I even wrote an illustrated book with my good friend April called, “When You Hate Yourself & Want to Die” that I felt too insecure to ever self-publish (but that is waiting in the archives of my computer, patiently waiting to be self-published.

My decade’s-long struggles with shame, depression and suicidal ideation will always live with me and they’ve profoundly shaped the way I see myself and understand the world.

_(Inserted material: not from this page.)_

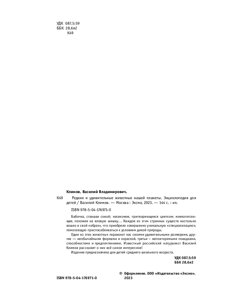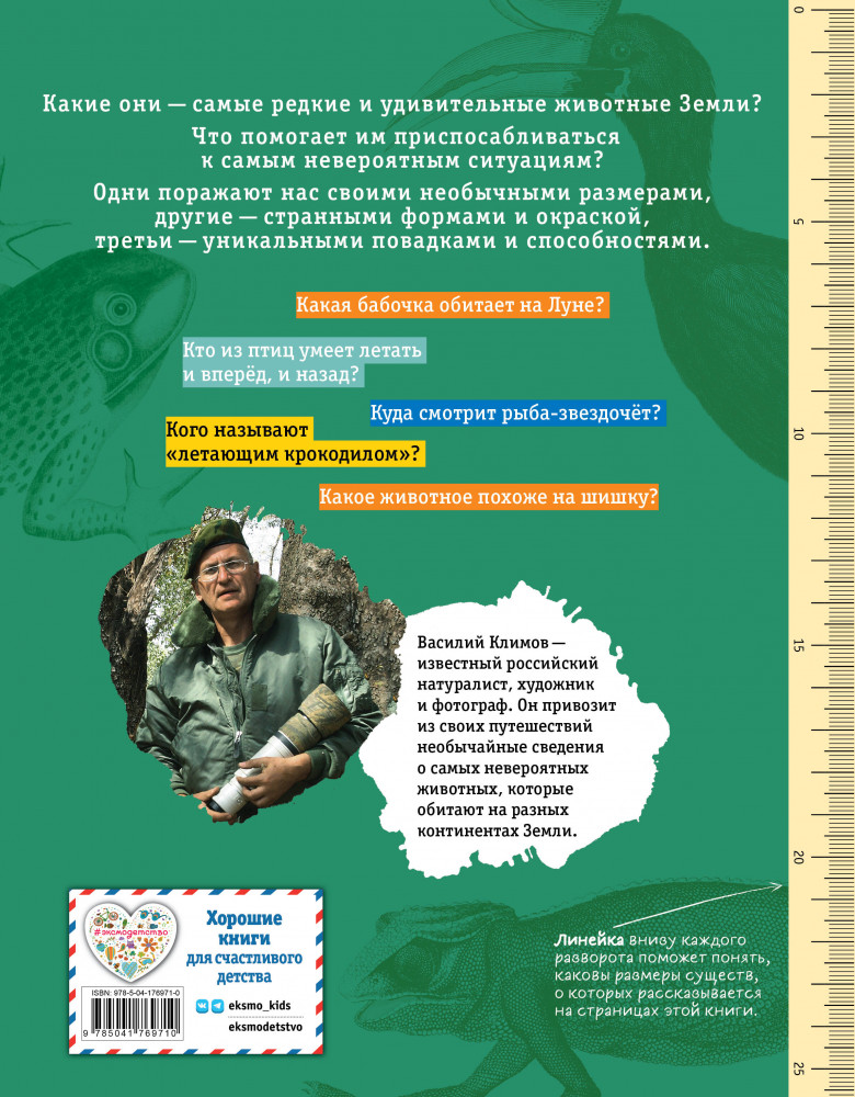 💳 Оплатить за товар можно при получении 🇰🇿 Есть бесплатная доставка по Казахстану 🎁 Копите бонусы с каждой покупки Серия: Атласы и энциклопедии Всё о редких и удивительных животных — насекомых, рыбах, рептилиях, птицах и млекопитающих — из первых рук: эта энциклопедия для детей написана известным путешественником и натуралистом Василием Климовым, долгое время работавшим в заповедниках на разных континентах планеты. Для того, чтобы увидеть одних из этих существ, придётся взять в руки лупу, других лучше рассматривать из-за полога леса, третьи настолько опасны, что к ним лучше вообще не приближаться, а четвёртые поражают своим внешним видом или повадками. Книга предназначена для детей среднего школьного возраста, но она будет интересна и взрослым, отлично подходит для изучения всей семьёй и послужит замечательным подарком! |

But that’s not who I am anymore.
I want to live. I mostly really really really like who I’ve become and the life I’ve built. I am sometimes afraid of death because life is so technicolor, so heartbreakingly gorgeous and I don’t know if I’ll ever see the sunlight playing with the leaves or the folds of skin on the back of his neck on the “other side” (though I’m working through my fear of death). And in many, many ways, due to a plethora of epiphanies (i.e. understanding grief + neurodivergence + the creative process) and intentional life changes (i.e. moving the Pacific Northwest & changing my career), I have become (somewhat) shameless (I am Chinese and former evangelical Christian, AFTER ALL. Shame is in my DNA?).
So! ON TO THE REBRAND:
This Substack is still gonna touch on and be about a LOT of things related to trauma, mental health, neurodivergence, etc. But the vibe of it will be different, and include more of what feels fresh and current for me because that’s where I feel the most inspired to share from.
SOOOOOOOO INTRODUCING my new Substack….*drum roll*
Wanting: all about our relationship to our bodies, desire, magic, and abundance.
Super excited to get going on all the ideas I have - and WANTING, YEARNING, PRAYING, HOPING - for the time to execute them. As always, thanks for being here, and hoping NONE of y’all get the #3 version of COVID.